25 October 2016
The fake bomb reports did not affect scheduled flights, according to an airport spokesman. Photo: CNSA
The fake bomb reports did not affect scheduled flights, according to an airport spokesman. Photo: CNSA

Lovelorn man arrested for airport bomb hoaxes

Police arrested a 41-year-old man for making fake bomb threats at the Hong Kong International Airport.

The man, surnamed Lo, said he only wanted to stop his girlfriend from leaving Hong Kong, which she had told him she would do during a quarrel, Apple Daily reports.

Lo said he is a screenwriter and a bit player in movies.

According to Airport District Detective Chief Inspector Ip Chun-wing, a man called at around 4 p.m. Saturday to report that a bomb was set to explode at the airport within the hour, prompting the police to conduct a search. No bomb was found, however.

About 40 minutes later, police received another call about a bomb, but again no explosives were found.

After receiving a third call from the same man about 10 minutes later, police, along with the airport security unit, crime investigators and police dogs, conducted extensive searches at the airport. Still they did not find any bomb.

Suspecting the three anonymous calls were mere pranks because they did not specify any flight to be affected, police traced the sources of the calls and confirmed they were all made within the airport premises.

With the help of security cameras, police were able to trace the calls to Lo, who was arrested at the departure hall of Terminal 1.

He was to be charged with wasteful employment of police officers and making false bomb threats.

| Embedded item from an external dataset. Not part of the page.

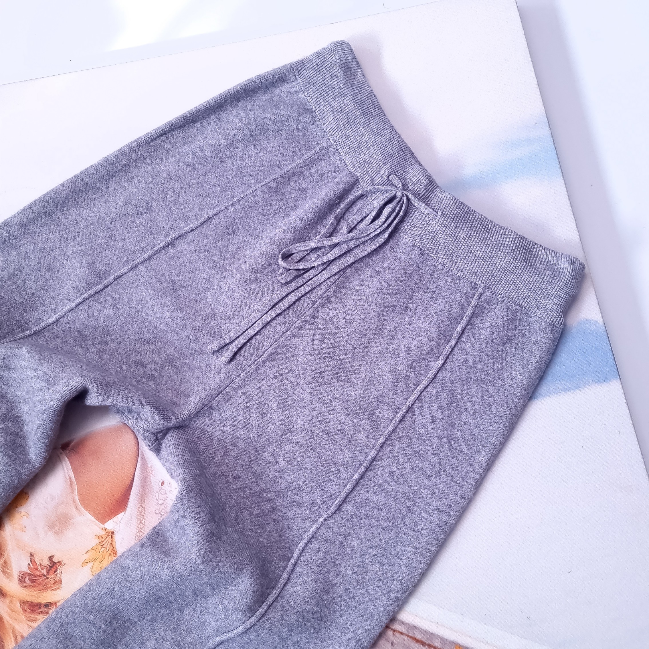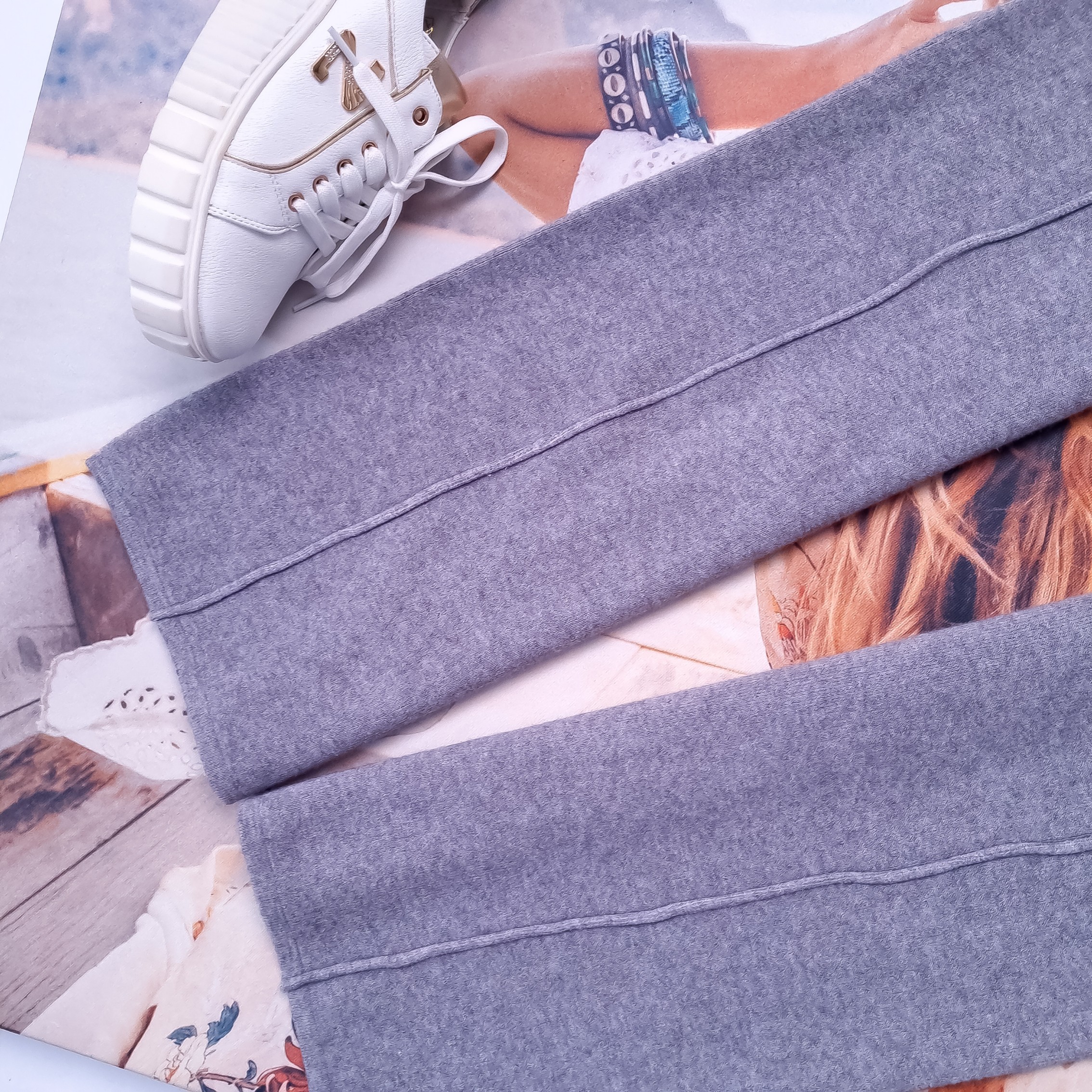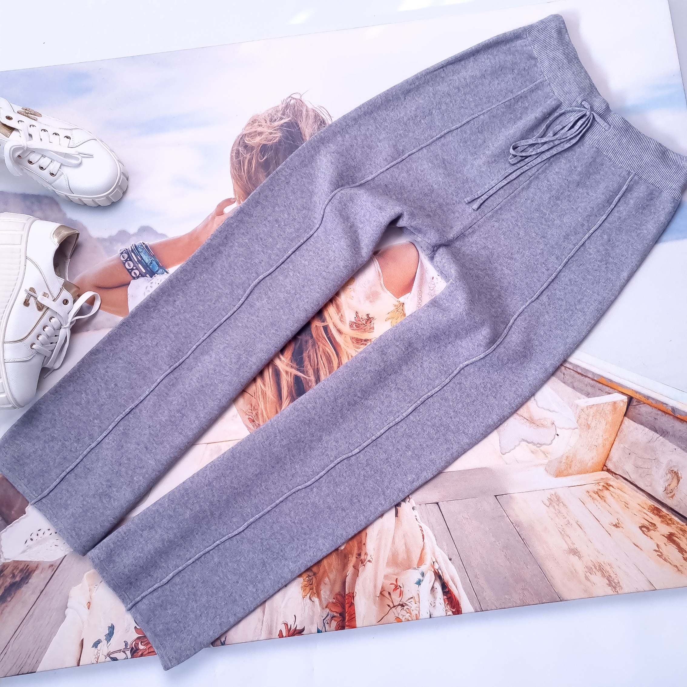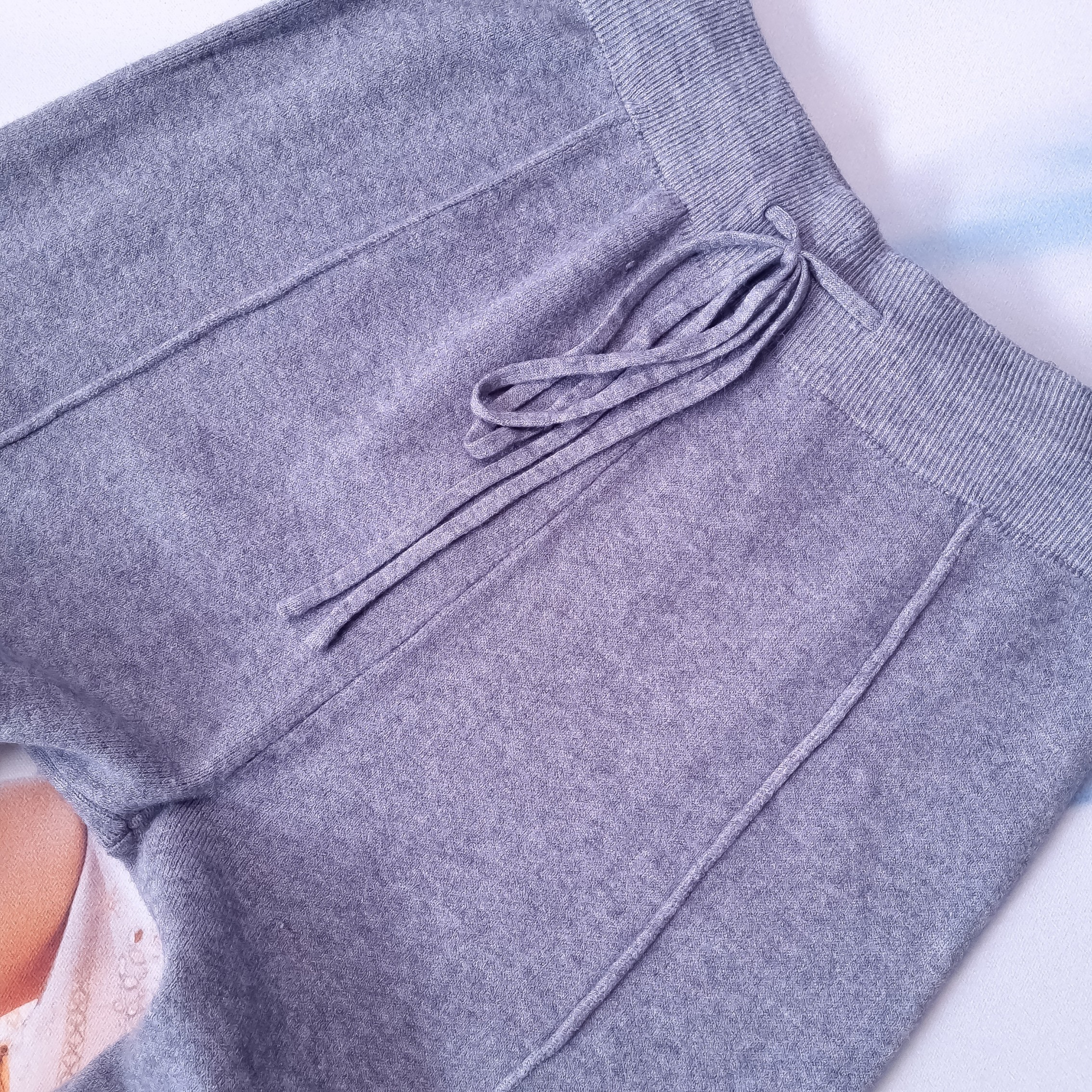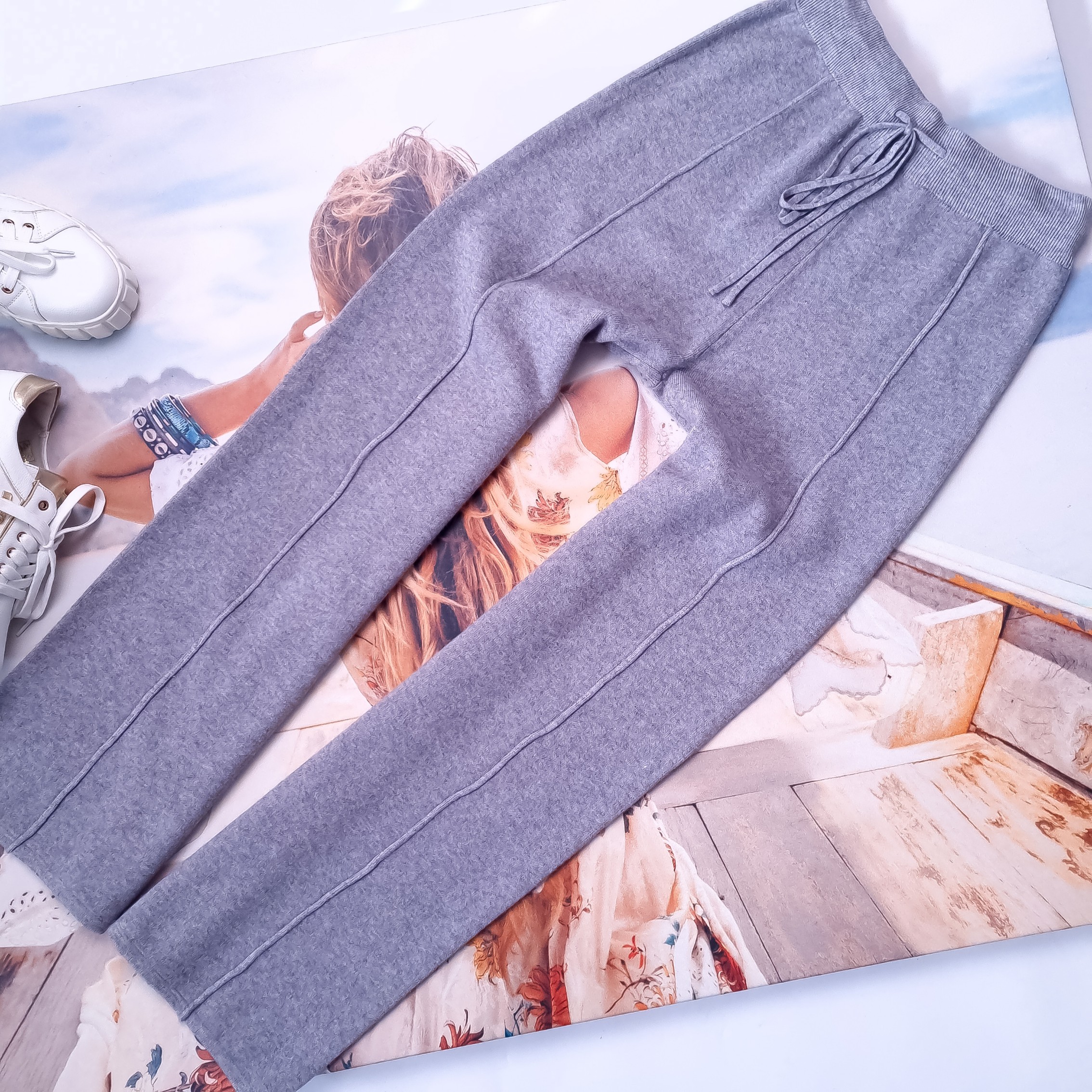 Długie dzianinowe spodnie w szarym klasycznym odcieniu o prostej nogawce. Wysoki stan. Gruba gumka w pasie z dodatkowym sznurkiem. Materiał lekko elastyczny. Brak zdobień. Brak kieszeni.

Lo admitted to the police that he issued the fake bomb threats just to prevent his girlfriend, surnamed Lau, from leaving the airport.

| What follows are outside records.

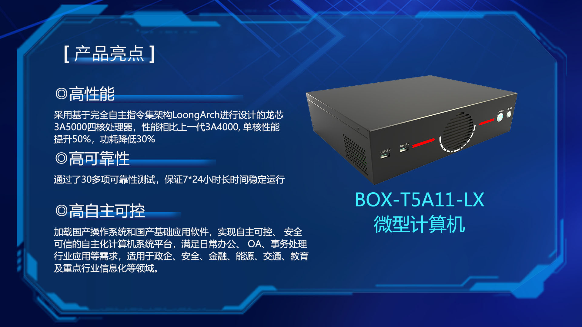 研恒(特控)BOX-T5A11-LX微型計(jì)算機(jī)采用基于完全自主指令集架構(gòu)LoongArch進(jìn)行設(shè)計(jì)的龍芯3A5000四核處理器,性能相比上一代3A4000, 單核性能提升50%,功耗降低30%,指令集系統(tǒng)架構(gòu)承載的軟件生態(tài)走向完全自主。整機(jī)采用純工業(yè)設(shè)計(jì),通過了30多項(xiàng)可靠性測(cè)試,保證設(shè)備7*24小時(shí)長(zhǎng)時(shí)間穩(wěn)定運(yùn)行。配套國(guó)產(chǎn)BIOS,加載國(guó)產(chǎn)操作系統(tǒng)和國(guó)產(chǎn)基礎(chǔ)應(yīng)用軟件,實(shí)現(xiàn)自主可控、 安全可信的自主化計(jì)算機(jī)系統(tǒng)平臺(tái),滿足日常辦公、 OA、事務(wù)處理,行業(yè)應(yīng)用等需求,適用于政企、安全、金融、能源、交通、教育及重點(diǎn)行業(yè)信息化等領(lǐng)域。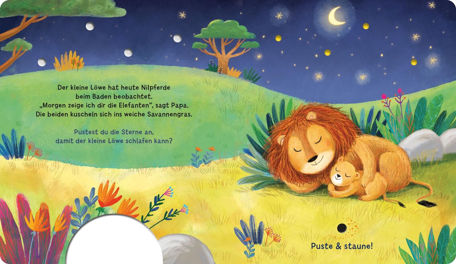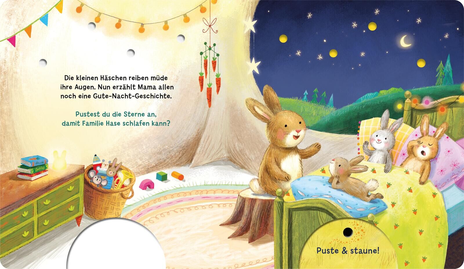 Einmal pusten und es leuchtet! Mitmach-Buch für die Allerkleinsten! Dieses Pappebuch für Kinder ab 18 Monaten begeistert durch seinen magischen Mitmach-Effekt : Einmal pusten und die Lichter beginnen zu leuchten. Bei Familie Hase sind alle hundemüde, das Kätz...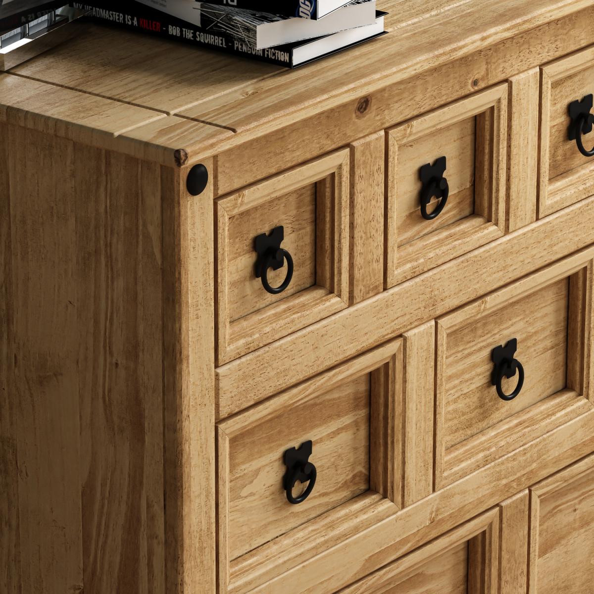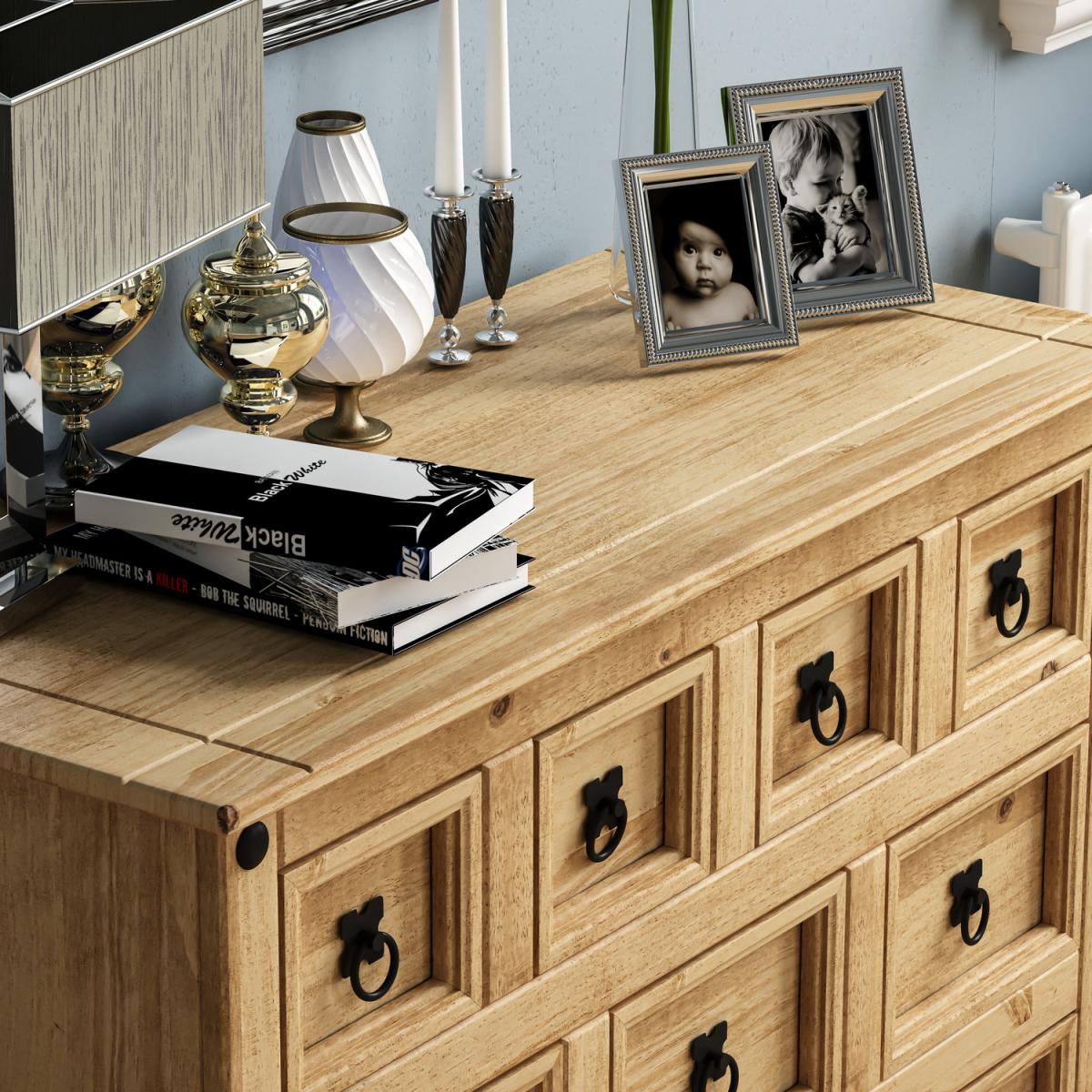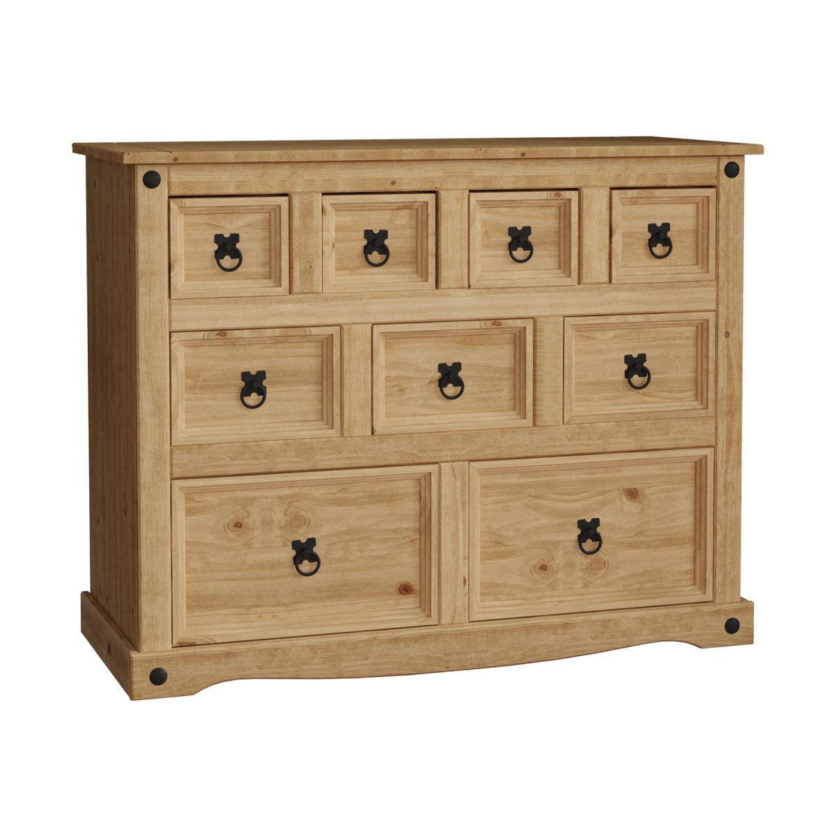 This expertly crafted Corona Merchant Chest would look perfect in any bedroom or living room or even placed near your workstation. This chest is constructed from solid pine and waxed finish gives it a vintage rustic look. It features four smaller drawers at the top, three medium sized drawers in the middle and two wide drawers at the bottom. Merchant chest is suitable to house all kind of items.

The two, who became romantically involved with each other earlier this month, had quarreled, and Lau had told her boyfriend that she would leave him and go abroad.

Police were able to contact Lau, who said she really had no plans to leave Hong Kong, Sing Tao Daily reported.

An airport spokesman said the bomb hoaxes did not affect scheduled flights.

Under the Public Order Ordinance, Lo could face a maximum fine of HK$150,000 and up to five years in prison if convicted.